Protesta davanti al Tribunale di Siracusa degli ex lavoratori dei supermercati Gemar, al centro di una procedura fallimentare dopo il crack della società che gestiva 4 punti vendita a Siracusa.

Le ragioni degli ex dipendenti Gemar

Gli ex dipendenti, 60 in tutto, da mesi sono senza stipendi, secondo quanto raccontato da uno di loro, hanno ricevuto un acconto a settembre ma, emolumenti a parte, c’è il futuro a tinte fosche. I manifestanti sostengono che se fossero licenziati avrebbero la possibilità di accedere alla disoccupazione ma la gestione della società non è più nelle mani dei proprietari bensì del curatore fallimentare, nominato dal Tribunale.

Lavoratori nel limbo

Allo stesso tempo, gli ex lavoratori Gemar non prendono in considerazione l’ipotesi di un licenziamento pilotato da loro stessi perché, a loro dire, sarebbero esclusi da un possibile assorbimento da parte di un nuovo gestore che intendesse subentrare.

L’inchiesta

Secondo i magistrati della Procura di Siracusa ed i militari della Guardia di Finanza, nel corso della procedura fallimentare, sarebbero emerse  “delle condotte distrattive dei soci e dei loro familiari, i quali avevano asportato un ingente quantitativo di merce e denaro contante”. Da qui il sequestro dei soldi, circa 130 mila euro nella disponibilità della famiglia Barcio, coinvolta nel procedimento della Procura di Siracusa.

Il dissequestro dei soldi

I soldi, però, nelle settimane scorse, sono stati dissequestrati dai giudici del Tribunale del Riesame di Siracusa che hanno accolto il ricorso della difesa, rappresentata dagli avvocati Bruno Leone, Antonino Leone e Costantino Vinci.

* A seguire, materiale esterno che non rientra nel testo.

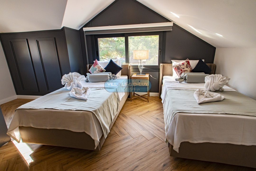 7.Yatak Odası: Çatı katında yer almaktadır. Ebeveyn banyolu oda, 2 adet tek kişilik yatak, elbise dolabı, komodin, buzdolabı, LCD TV, saç kurutma makinesi, emanet kasası ve klima bulunmaktadır.
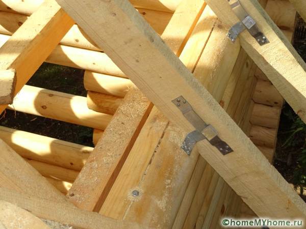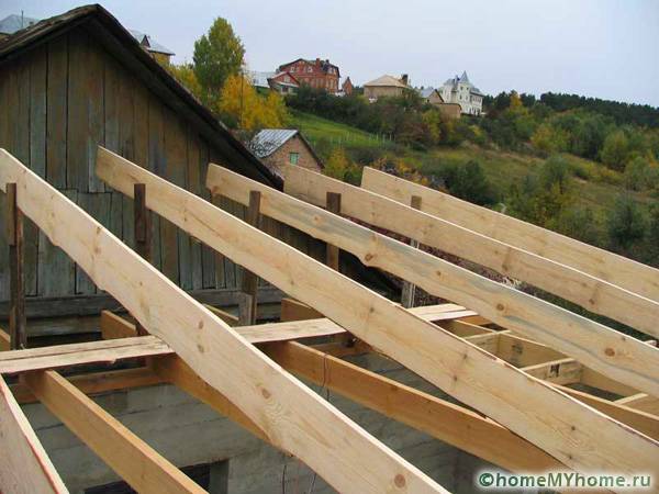 - Rafter system. Designed to absorb the main load of the roof and its uniform distribution along the entire area of the walls of the object. Usually it is made of wooden beams with a cross section of 50x100 mm, depending on the roof area and the number of supporting elements.

Le motivazioni del Riesame

Secondo quanto emerge nelle motivazioni del Riesame, innanzitutto, “il decreto risulta carente sotto il profilo della motivazione della finalità probatoria”.

Cosa avrebbe dovuto fare la Procura

Nel pronunciamento dei giudici emerge che “la finalità probatoria avrebbe potuto essere quella di verificare la corrispondenza, seppur approssimativa, del denaro rinvenuto nella disponibilità degli indagati e dei loro familiari con l’ammontare del denaro prelevato dalle casse, a seguito dello storno degli scontrini e dei passaggi bancomat effettuati dagli indagati”.

Inoltre, i giudice del Riesame spiegano che “di tale attività di indagine da espletare per verificare la corrispondenza sopradescritta, non vi è traccia nel decreto, tanto che non risultano sequestrati nè i registratori di cassa, né risultano effettuate verifiche in ordine agli scontrini annullati ed i pagamenti risultanti dai bancomat intestati agli indagati”.